### Task statement
A faithful copy is required: retype the records from their first line through the line with "回顾一下自顶向下的方法,我们", and omit the pictures.

### Supplied material

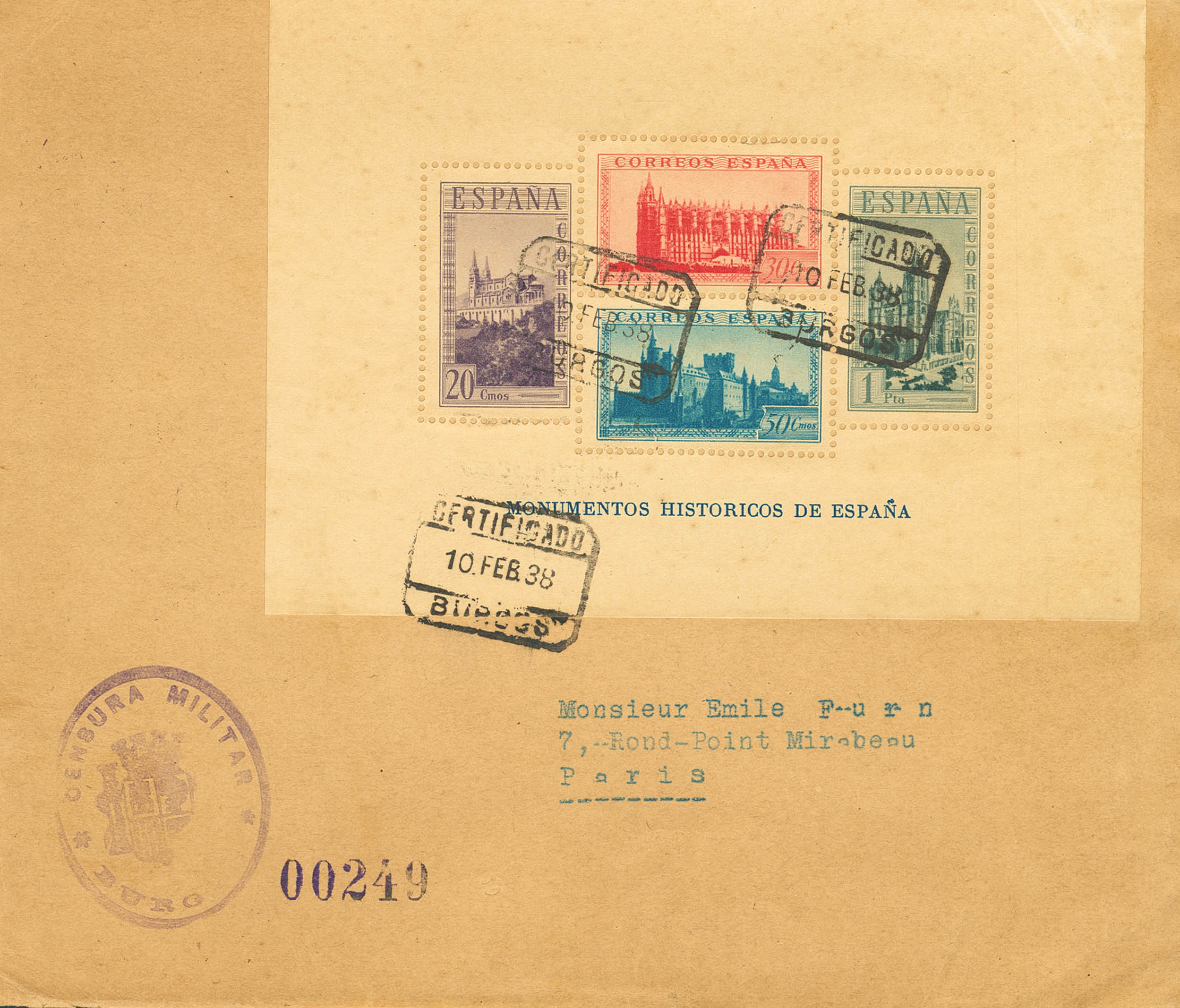 847. 1938. Hoja bloque (muy tonalizada). Certificado de BURGOS a PARIS (FRANCIA). Al dorso llegada. MAGNIFICA.
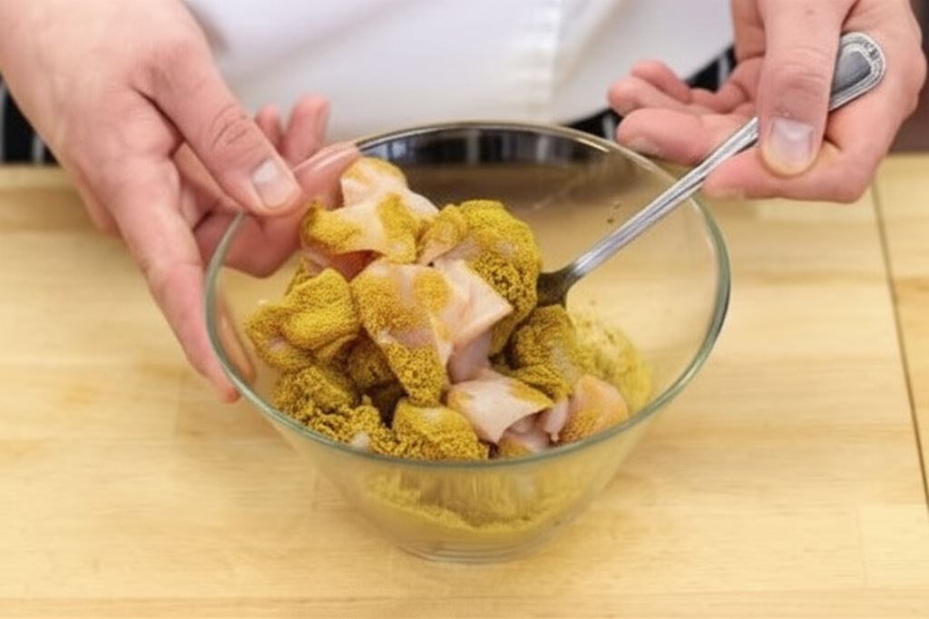 Kurczaka wymieszaj dokładnie z curry.
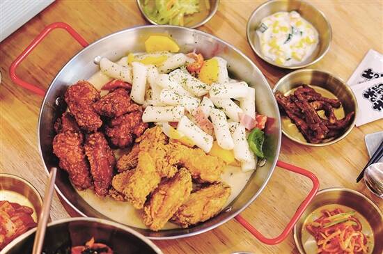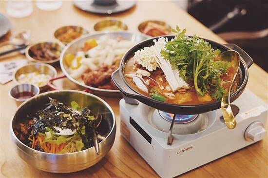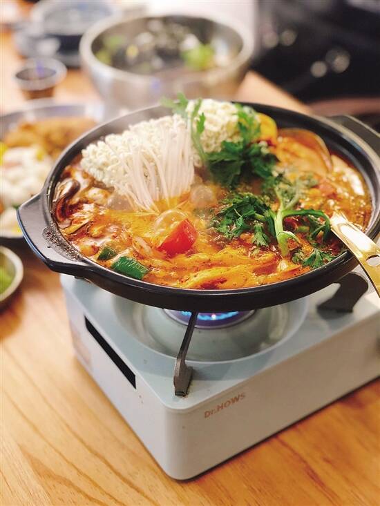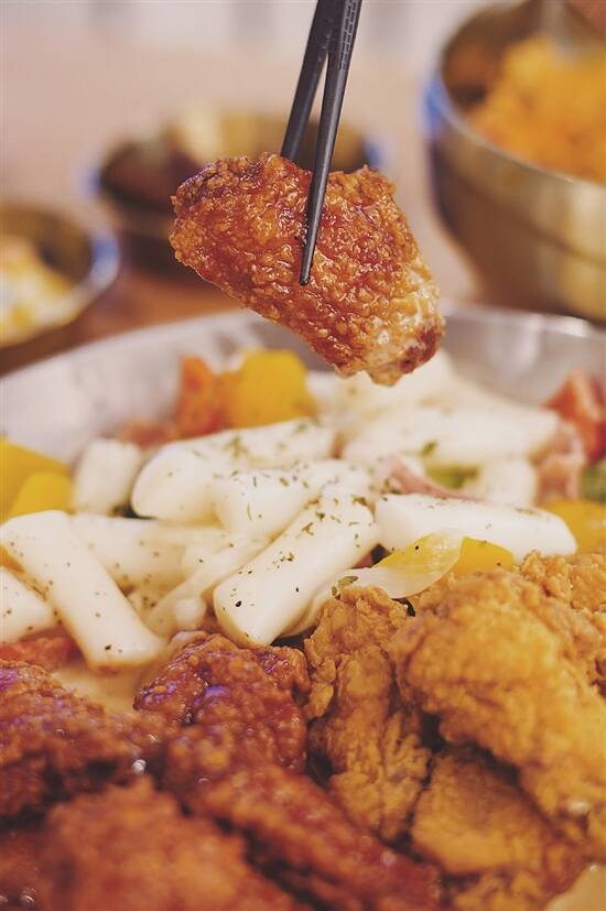 韩餐自然唔少得年糕炸鸡,呢度直接做成拼盘,炸鸡有辣味同原味双拼,一次满足你两个愿望。而部队火锅几乎每台都叫,材料超级多,有鱼饼、午餐肉、各种菌类同蔬菜,浓郁酸辣汤底配上火锅面真系食得好爽!
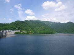 宝川温泉をチェックアウトしたのち、この春に家ノ串に登ったときに訪れた矢木沢ダムを再訪した。ダムの堤上から眺める奥利根県境の山々は、稜線上にまだ雪を残している。ダム堤を左岸に渡るとダム建設殉職者の慰霊碑があり、振り返ると家ノ串の頂上が見えた。こちらはさすがに雪はない。
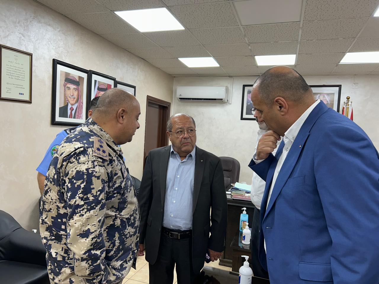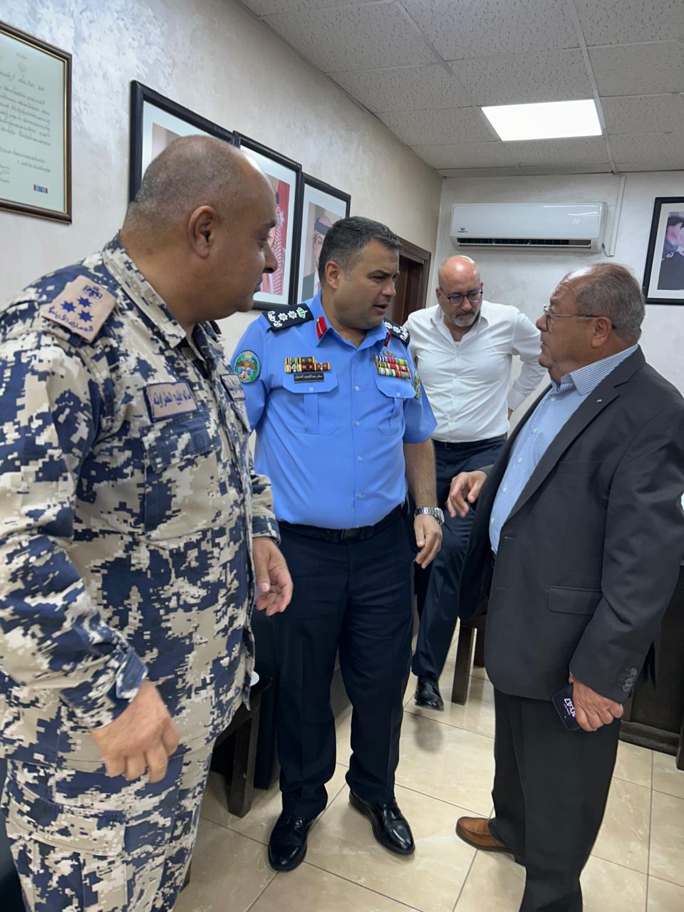 والتقى المجالي مسؤولي الأجهزة الأمنية والجمارك ومدير المركز الحدودي مشيراً إلى الجهود الكبيرة المبذولة من الأجهزة الأمنية ودائرة الجمارك في الارتقاء بأعمال وخدمات المركز الحدودي وتسهيل حركة السفر بالاتجاهين بافضل صوره.
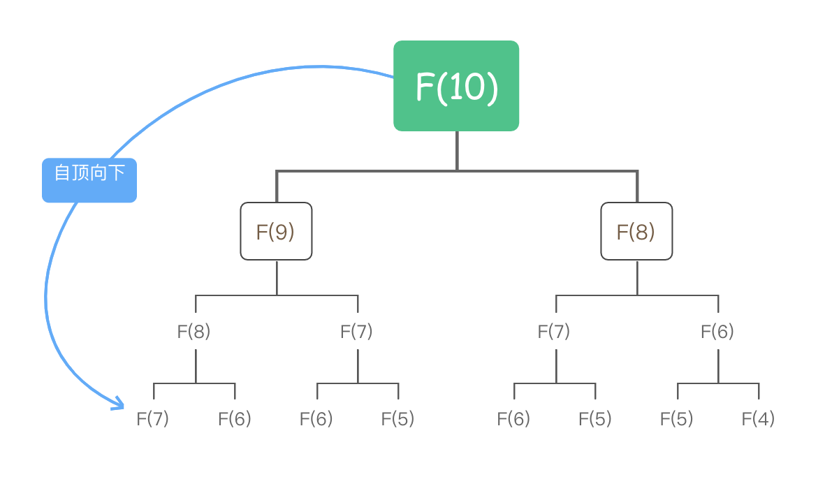 回顾一下自顶向下的方法,我们的思路是从目标问题开始,不断将大问题拆解成子问题,然后再继续不断拆解子问题,直到子问题不可拆解为止。通过备忘录就可以知道哪些子问题已经被计算过了,从而提升求解速度。
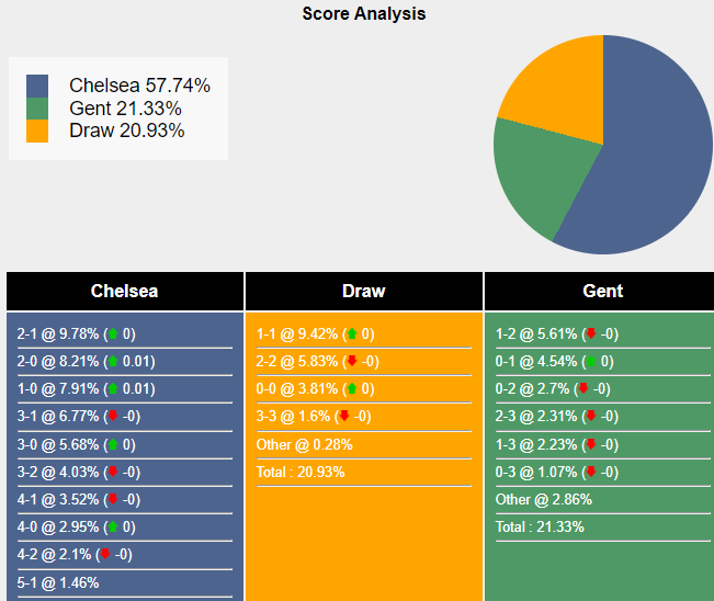 Tỷ số khả dĩ nhất cho chiến thắng của Chelsea là 2-1 với xác suất là 9,78%. Tỷ số khả dĩ thứ hai cho kết quả đó là 2-0 (8,21%) và 1-0 (7,91%). Chiến thắng khả dĩ nhất của Gent là 1-2 (5,61%), trong khi tỷ số hòa là 1-1 (9,42%).
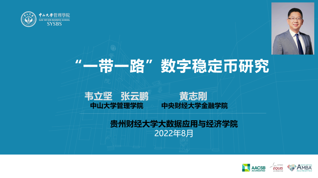2022年8月9日,应大数据应用与经济公司(贵阳大数据金融公司)邀请,中山大学管理公司财务与投资系副教授、博士生导师、International Journal of Financial Engineering(金融工程国际杂志)编辑部主任韦立坚博士做客公司“财富论坛”,向公司师生分享了题为“一带一路数字稳定币研究”的讲座。本次会议线上举行,由威廉希尔williamhill官方网站张小成教授主持,参会师生170余人。
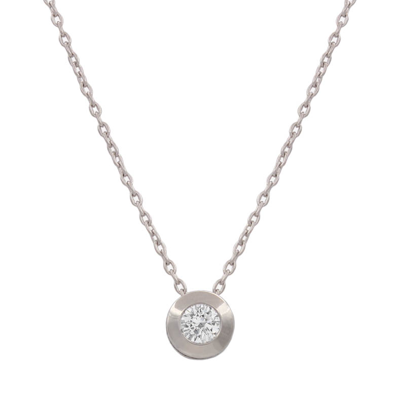 Gargantilla con chatón en Oro blanco de 18 Kl. con circonita. Parte trasera forrada. Terminación en brillo. Medidas del colgante: 7mm.

### Solution for this task
 847. 1938. Hoja bloque (muy tonalizada). Certificado de BURGOS a PARIS (FRANCIA). Al dorso llegada. MAGNIFICA.
 Kurczaka wymieszaj dokładnie z curry.
 韩餐自然唔少得年糕炸鸡,呢度直接做成拼盘,炸鸡有辣味同原味双拼,一次满足你两个愿望。而部队火锅几乎每台都叫,材料超级多,有鱼饼、午餐肉、各种菌类同蔬菜,浓郁酸辣汤底配上火锅面真系食得好爽!
 宝川温泉をチェックアウトしたのち、この春に家ノ串に登ったときに訪れた矢木沢ダムを再訪した。ダムの堤上から眺める奥利根県境の山々は、稜線上にまだ雪を残している。ダム堤を左岸に渡るとダム建設殉職者の慰霊碑があり、振り返ると家ノ串の頂上が見えた。こちらはさすがに雪はない。
 والتقى المجالي مسؤولي الأجهزة الأمنية والجمارك ومدير المركز الحدودي مشيراً إلى الجهود الكبيرة المبذولة من الأجهزة الأمنية ودائرة الجمارك في الارتقاء بأعمال وخدمات المركز الحدودي وتسهيل حركة السفر بالاتجاهين بافضل صوره.
 回顾一下自顶向下的方法,我们的思路是从目标问题开始,不断将大问题拆解成子问题,然后再继续不断拆解子问题,直到子问题不可拆解为止。通过备忘录就可以知道哪些子问题已经被计算过了,从而提升求解速度。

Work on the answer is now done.